# Sevylor Sevytex River XK1 Inflatable Kayak Question



## LSB (Mar 23, 2004)

My mother in law (65ish) has a Stearns that she paddels on the little rivers around her house in MN. It's sort of cool, it is a self bailer and has a deck that covers her legs. I've rolled it but it's pretty hard to do because the bottom is soft. She's had it for a while and never mentioned any problems. It's made out of some kind of pack cloth material. It seems like it would be fairly cheap.


----------



## Andy H. (Oct 13, 2003)

Ian,

If you're going to throw down $500 for a ducky, you may want to spend $600 - $700 for a much better one. I've got a Sevylor RiverX and am not very impressed with it. Its kind of like an expensive pool toy that brings to mind the saying "there's the right way, the wrong way, and the French way." 

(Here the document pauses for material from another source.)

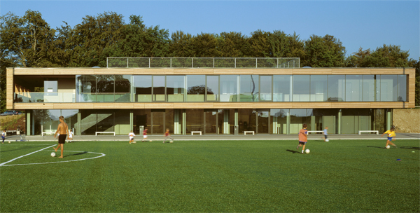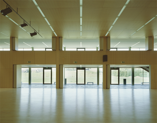 Das Gebäude wurde den natürlichen Geländehöhen angepasst, sodass fließende Übergänge und Verschränkungen zwischen Innen- und Außenraum ermöglicht werden. Das Niveau des höher gelegenen Spielfeldes wird mit der offenen Terrasse des Obergeschosses aufgenommen, sodass ein stufenloser, fließender Übergang in die Landschaft sowohl im Unter- als auch im Obergeschoss entsteht.
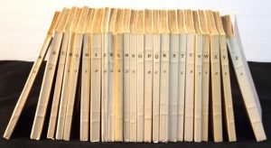 26 volumes in-12 carré brochés couverture d’Ingres vieux rose rempliée. Collection complète de 26 nouvelles originales écrites par 26 auteurs différents dont la première lettre du nom suit l’alphabet de A à Z.

The specs on this model, however indicate that they may have upgraded some aspects of their boat. If its got a drop stitch floor that holds 7 psi and the valves are good then that would be a great improvement over the old RiverX that I've got. If you want to meet at REI and check out one together (if they've got one in stock) I'd be glad to do that after work some day.

Downriver Equipment may have one in stock for inspection also.

--Andy


----------



## deepsouthpaddler (Apr 14, 2004)

Yeah, I was worried about it being a bit rinky dink. Its not like my mom is going to go crazy in it, but I am worried about stability (its several inches less width than the NRS IK's), and its ability to stand up to rocks. Not sure if the material is good enough to hold up to th rocks that inevitably come with paddling any kind of whitwater.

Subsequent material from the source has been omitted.